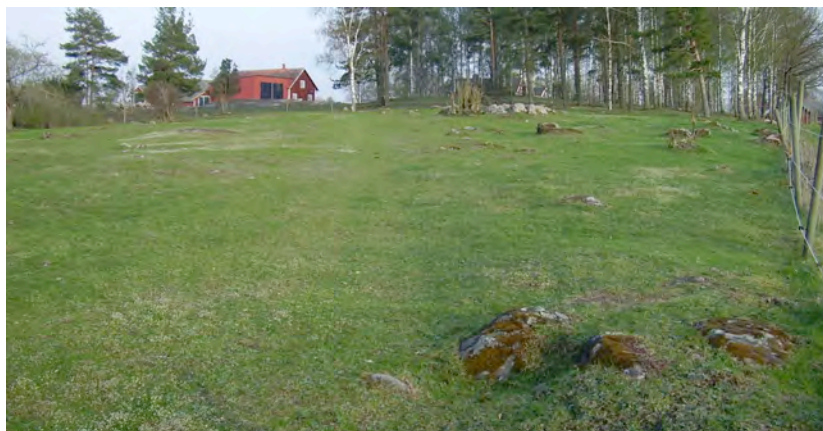
Rappestads äldsta delar med Storgården i bakgrunden och Arnorpsvägen till höger i bilden.

Den markerade bybacken vid Rappestad förefaller att ha varit bebyggd redan under stenåldern. Ett flertal fynd av stenxor av olika typer hittade på den gamla bytomten förvaras i Östergötlands länsmuseums magasin. Ytterligare yxor och ett guldmynt hittade i samma område förvaras på Statens historiska museer och finns redovisade i en utredningsrapport från UV-Linköping (Skjöldebrand 1995)."
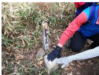
9.展望台の裏にひっそりと三角点があった
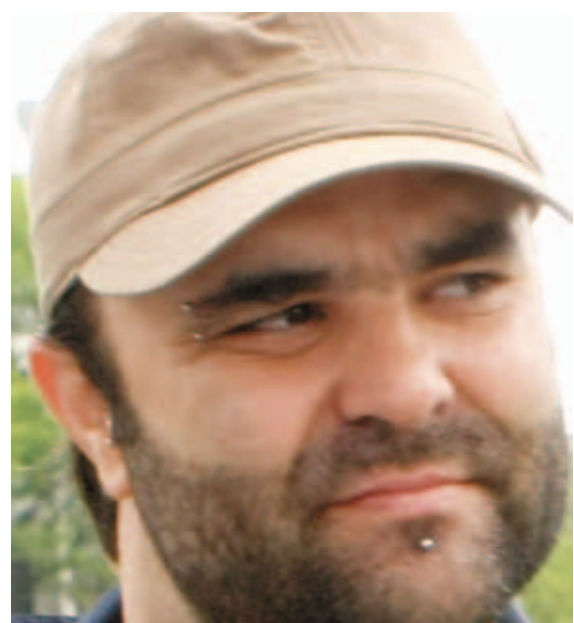
Max, novos desafios

A base da conversa é o livro Juventude Metalúrgica e Sindicato no ABC Paulista

———

### Directions for this task
Retype the records above exactly. Leave the pictures out.

### Answer box
Rappestads äldsta delar med Storgården i bakgrunden och Arnorpsvägen till höger i bilden.

Den markerade bybacken vid Rappestad förefaller att ha varit bebyggd redan under stenåldern. Ett flertal fynd av stenxor av olika typer hittade på den gamla bytomten förvaras i Östergötlands länsmuseums magasin. Ytterligare yxor och ett guldmynt hittade i samma område förvaras på Statens historiska museer och finns redovisade i en utredningsrapport från UV-Linköping (Skjöldebrand 1995)."
9.展望台の裏にひっそりと三角点があった
Max, novos desafios

A base da conversa é o livro Juventude Metalúrgica e Sindicato no ABC Paulista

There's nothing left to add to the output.